We choose the potential function as

$$\begin{aligned} \phi (a_{i},{\varvec{a}}_{-i})= & {} \!-\!\!\sum _{i\in {{\mathscr {M}}}}p_{i}~\left( \sum _{j\in {\{{\mathscr {M}}\setminus \{i\}}\}}p_{j}{\bar{h}}_{ji}^{s_{i}}f(s_{j},s_{i})\!+\!p_{o}{\bar{h}}_{oi}^{s_{i}}\right) \nonumber \\ \end{aligned}$$

(27)

$$\begin{aligned} \phi (a_{i},{\varvec{a}}_{-i})= & {} -U(a_{i},{\varvec{a}}_{-i}) \end{aligned}$$

(28)

where \(U(a_{i},{\varvec{a}}_{-i})\) is given by (8) where \(a_{i}\) is one of the L possible transmit configurations. Let \(\pi (s_{i})\) be the set of all D2D pairs other than i that choose the same RB \(s_{i}\).Hence, we have,

$$\begin{aligned} f(s_{i},s_{j})= {\left\{ \begin{array}{ll} 1,\forall j \in \pi (s_i)\\ 0,\forall j \notin \pi (s_i) \end{array}\right. } \end{aligned}$$

For any D2D pair i playing action \(a_{i}\) at iteration t, there are three possible choices for \(\bar{a_{_{i}}}\) played in iteration \(t+1\).

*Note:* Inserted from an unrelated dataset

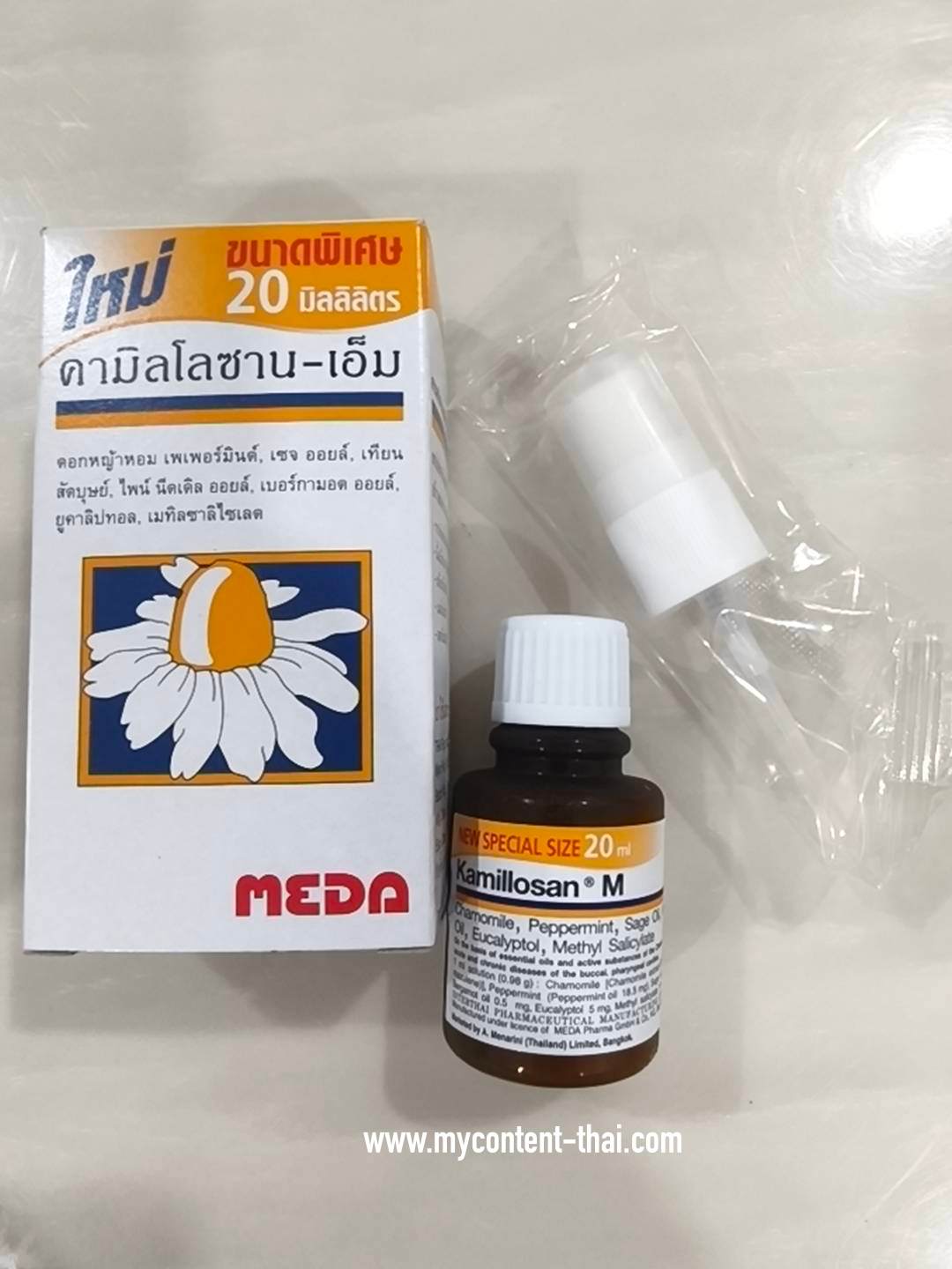 - สเปรย์บรรเทาอาการไอและเจ็บคอคามิลโลซาน-เอ็ม

Case-(i) D2D pair i changes channel from \(s_{i}\) in iteration t to \(\bar{s_{i}}\) in iteration \(t+1\) but transmit power is constant at \(p_{i}\), i.e., \(a_{i}=[s_{i},p_{i}]\) and \(\bar{a_{i}}=[\bar{s_{i}},p_{i}]\).

$$\begin{aligned} u_{i}(a_{i},{\varvec{a}}_{-i})= & {} D-p_{i} \left( \sum _{j\in {{\mathscr {M}}\setminus \{i\}}}p_{j}{\bar{h}}_{ji}^{s_{i}}f(s_{i},s_{j}) +p_{o}{\bar{h}}_{oi}^{s_{i}}\right) \\ u_{i}(\bar{a_{i}},{\varvec{a}}_{-i})= & {} D-p_{i}\left( \sum _{j\in {{\mathscr {M}}\setminus \{i\}}}p_{j}{\bar{h}}_{ji}^{\bar{s_{i}}}f (\bar{s_{i}},s_{j})+p_{o}{\bar{h}}_{oi}^{\bar{s_{i}}}\right) \end{aligned}$$

$$\begin{aligned}&u_{i}(\bar{a_{i}},{\varvec{a}}_{-i})-u_{i}(a_{i},{\varvec{a}}_{-i})\nonumber \\&\quad = -p_{i}\left( \sum _{j\in {{\mathscr {M}}\setminus \{i\}}}p_{j}{\bar{h}}_{ji}^{\bar{s_{i}}}f(\bar{s_{i}},s_{j})+p_{o}{\bar{h}}_{oi}^{\bar{s_{i}}}\right) \nonumber \\&\quad +p_{i}\left( \sum _{j\in {{\mathscr {M}}\setminus \{i\}}}p_{j}{\bar{h}}_{ji}^{s_{i}}f(s_{i},s_{j})+p_{o}{\bar{h}}_{oi}^{s_{i}}\right) \end{aligned}$$

(29)

$$\begin{aligned}&u_{i}\left( \bar{a_{i}},{\varvec{a}}_{-i})-u_{i}(a_{i},{\varvec{a}}_{-i})=-p_{i}(\sum _{j\in {\pi (\bar{s_{i}})}}p_{j}{\bar{h}}_{ji}^{\bar{s_{i}}}+p_{o}{\bar{h}}_{oi}^{\bar{s_{i}}}\right) \nonumber \\&\quad + p_{i}\left( \sum _{j\in \pi (s_{i})}p_{j}{\bar{h}}_{ji}^{s_{i}}+p_{o}{\bar{h}}_{oi}^{s_{i}}\right) \end{aligned}$$

(30)

Change in potential function when D2D pair i switches from RB \(s_{i}\) to \(\bar{s_{i}}= -\) (change in utility of i \(+\) change in utility of D2D pairs in \(s_i\) when i switches from \(s_{i}\) to \(\bar{s_{i}} +\) change in utility of D2D pairs in \(\bar{s_i}\) when i switches from \(s_{i}\) to \(\bar{s_{i}} +\) change in utility of D2D pairs \(k\in {{\mathscr {M}}}\setminus \{{i}~\cup ~\pi (s_{i})~\cup ~\pi (\bar{s_i})\}\)) when i switches from \(s_{i}\) to \(\bar{s_{i}}\)).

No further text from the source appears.